Bigger software projects always consist of multiple layers, where the lower-level (library) functions help to make the higher-level ones easier to write and understand.
Designing software in layers effectively means to create (in the lower layer) the vocabulary you want to use in the next-higher layer, thus creating the language you want to use for expressing your solution.
So, in a way, there are no two programs using the same language, as they all introduce lots of problem-specific vocabulary.
With bigger software projects, knowing the base programming language (like C, Python or Java) is by far the less challenging task. Understanding the problem-specific vocabulary (framework, classes, fields, methods, ...) plays a much greater role.
So, effectively, the top software layer for a given problem will look very much the same, no matter what base language was chosen. Only, it's packed into the syntax of the base language. E.g. using Java syntax (but would look quite similar in C, C++, C# and a lot of others)
Problem problem = readProblem();
Solution solution = computeSolution(problem);
writeSolution(solution);
Even in an "exotic" language like LISP, you'd recognize the same pattern:
(let* ((problem (read-problem))
(solution (compute-solution problem)))
(write-solution solution))
You see, there's much more problem-specific vocabulary than base language in these lines of code.
So, why do we still have different base languages? Because we choose a language where the base concepts plus the available libraries come close to the problem-domain.
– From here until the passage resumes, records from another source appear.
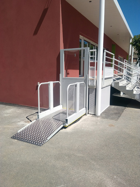 Cette plateforme élévatrice, conçue pour les personnes à mobilité réduite, permet le franchissement jusqu’à 83 cm de hauteur.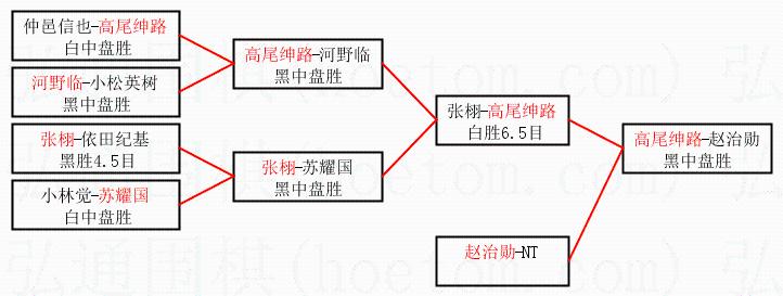 2.上半区半决赛高尾绅路获胜, 比分:高尾绅路 1:0 张栩。棋局: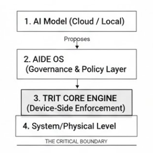 TRIT CORE operates at the irreversible boundary. No cloud-based intelligence can directly execute actions without passing through this bounded, device-level gate.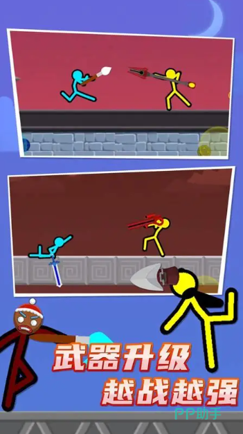 这款游戏的核心是激烈的对战体验,风格偏向热血动感,画面中的战斗特效简洁却有冲击力,火柴人在游戏中可以展开多方位的激战,场景设计能支撑起高强度的对战需求,不管是单人对战还是多人混战,都能感受到紧张刺激的氛围,操作响应迅速,能让玩家精准掌控火柴人的动作,在激战中享受酣畅淋漓的对抗乐趣。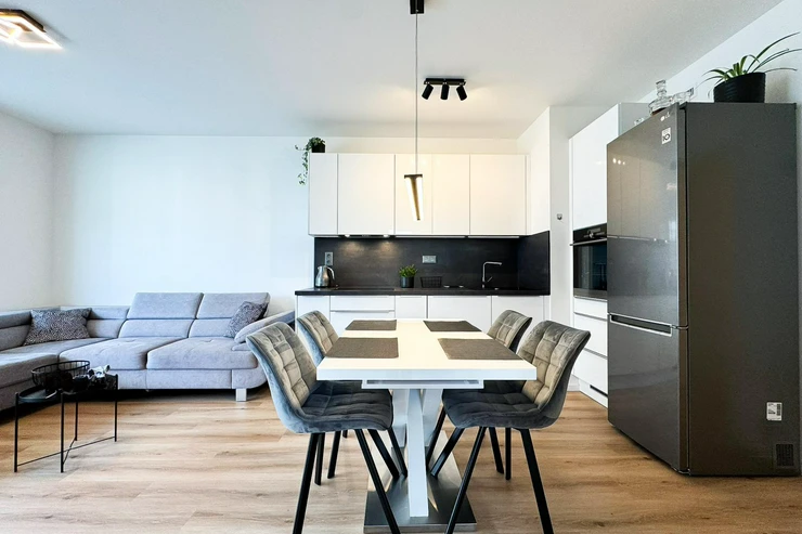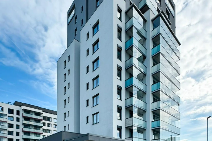 GLJ Partners exclusively offers for long-term rent a luxury 2+kk apartment with a total area of 62 sqm, located on the 5th floor of a modern new building with parking facilities in the desirable area of Prague 9 Hloubětín, Laponská Street. The apartment includes a balcony of 6 sqm and a cellar.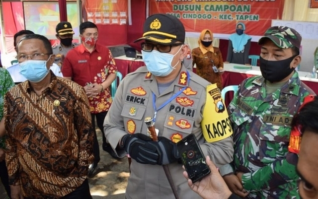 Menurut Kapolres Erick, aplikasi ini diinisiasi oleh Polres Bondowoso yang selanjutnya direalisasikan bersama gugus tugas percepatan penanganan Covid-19. Tentu, aplikasi ini pun dibuat untuk mendukung keberadaan kampung tangguh yang salah satunya dilaksanakan di Desa Cindogo ini.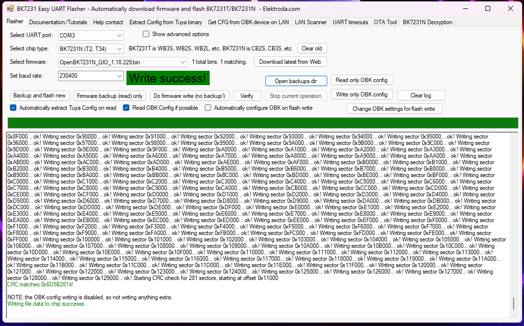 I have tried pressing the button once, several times, and holding it. I have tried grounding the top-left (RST) pin on the CB3S. I have tried 9600, 115200, and 1,000,000 baud. I have tried BK7231 Easy UART flasher on my Windows laptop and ltchiptool on my Linux laptop.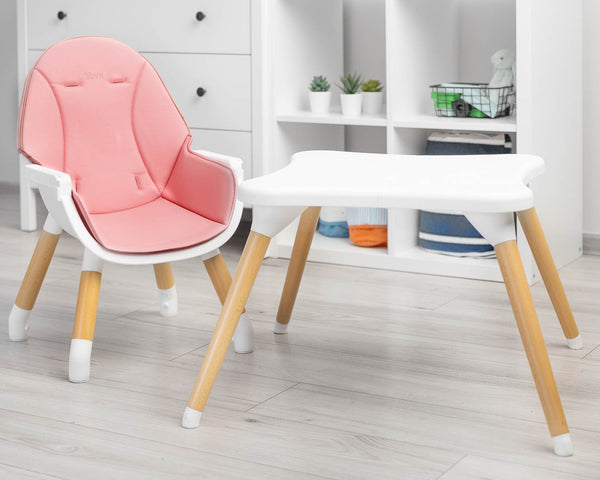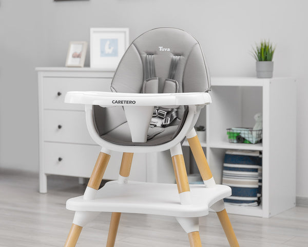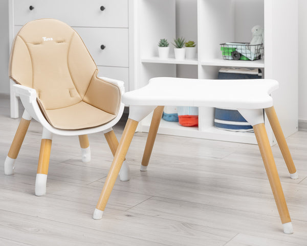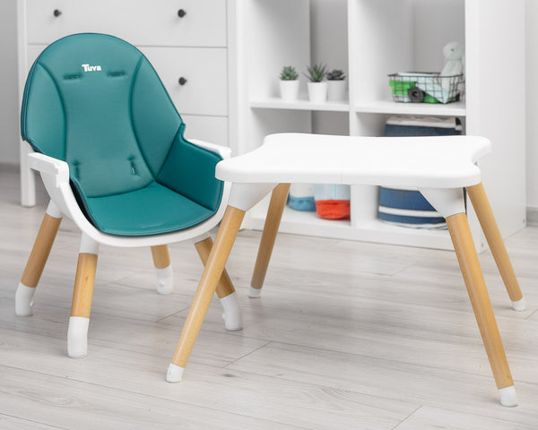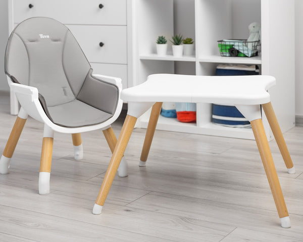 Tuva ist ein hoher Stuhl, der elegantes skandinavisches Design mit erstklassiger Funktionalität vereint. Er ist für Eltern gedacht, die ihren Kindern Komfort, Sicherheit und Anpassungsfähigkeit in einem Produkt bieten möchten. Mit der einfachen Umwandlung in ein Set aus Stuhl und Tisch sowie hochwertigen Materialien ist Tuva eine ausgezeichnete Wahl für jedes Zuhause.

If we choose the wrong base language, we waste development effort (= money) for creating the vocabulary for the higher-level functions that come for free in other languages.
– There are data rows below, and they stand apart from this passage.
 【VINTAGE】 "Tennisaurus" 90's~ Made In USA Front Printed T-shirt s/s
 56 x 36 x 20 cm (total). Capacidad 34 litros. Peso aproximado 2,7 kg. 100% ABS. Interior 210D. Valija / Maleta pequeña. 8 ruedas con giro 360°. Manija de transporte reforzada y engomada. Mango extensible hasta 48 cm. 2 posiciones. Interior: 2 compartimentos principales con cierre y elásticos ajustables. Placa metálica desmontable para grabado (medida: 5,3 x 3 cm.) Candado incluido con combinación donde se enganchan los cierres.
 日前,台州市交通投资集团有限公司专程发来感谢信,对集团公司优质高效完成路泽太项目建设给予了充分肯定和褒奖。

From a pragmatic (software engineering) perspective...
The world is filled with pre-existing pieces of software, written in different languages. Even if someone invented a new "perfect" programming language overnight, all this existing code would not just automatically disappear. It would remain in use, and someone would need to maintain it. So the new "perfect" language would just be one more language in that heterogeneous landscape.
Now, if that new language was so good, maybe people would like to translate existing code into the new language. Manual translation would usually be unthinkable (too much code!). Automatic translation might be a possibility, but would often result in the following:
Regarding the last point, consider hardware. Some languages are much "closer to the metal", others are much more abstract. Translation between "high-level" abstract languages running on powerful hardware is feasible (nevermind the potential loss of performance, or the extra resources needed, just increase your CPU and/or add more RAM). The same cannot be said of embedded software running on much more specific and limited hardware.
Consider also the human factor: new language may be great, but existing programmers may find it tedious (and a risky investment of their time) to learn yet another new language. Hence the slow adoption. Also, more money might be made by specialising in maintaining all the old libraries...
There is a conflict of interest between organisations and developers which I believe is partly responsible for the creation and adoption of new languages.
Organisations would probably want a single universal language because it would drive salaries down.
However an individual developer would be well advised to stay ahead of the curve and learn additional languages because it will improve their earning potential.
One language is better.
Unfortunately, no, it is not.
A language is a tool with specific tasks in mind. We don't go around thinking that we only need a hammer, and we don't need to worry about pliers, screwdrivers or saws just because we have a good hammer (and it is a lot easier to learn how to use a hammer than using all those other tools.)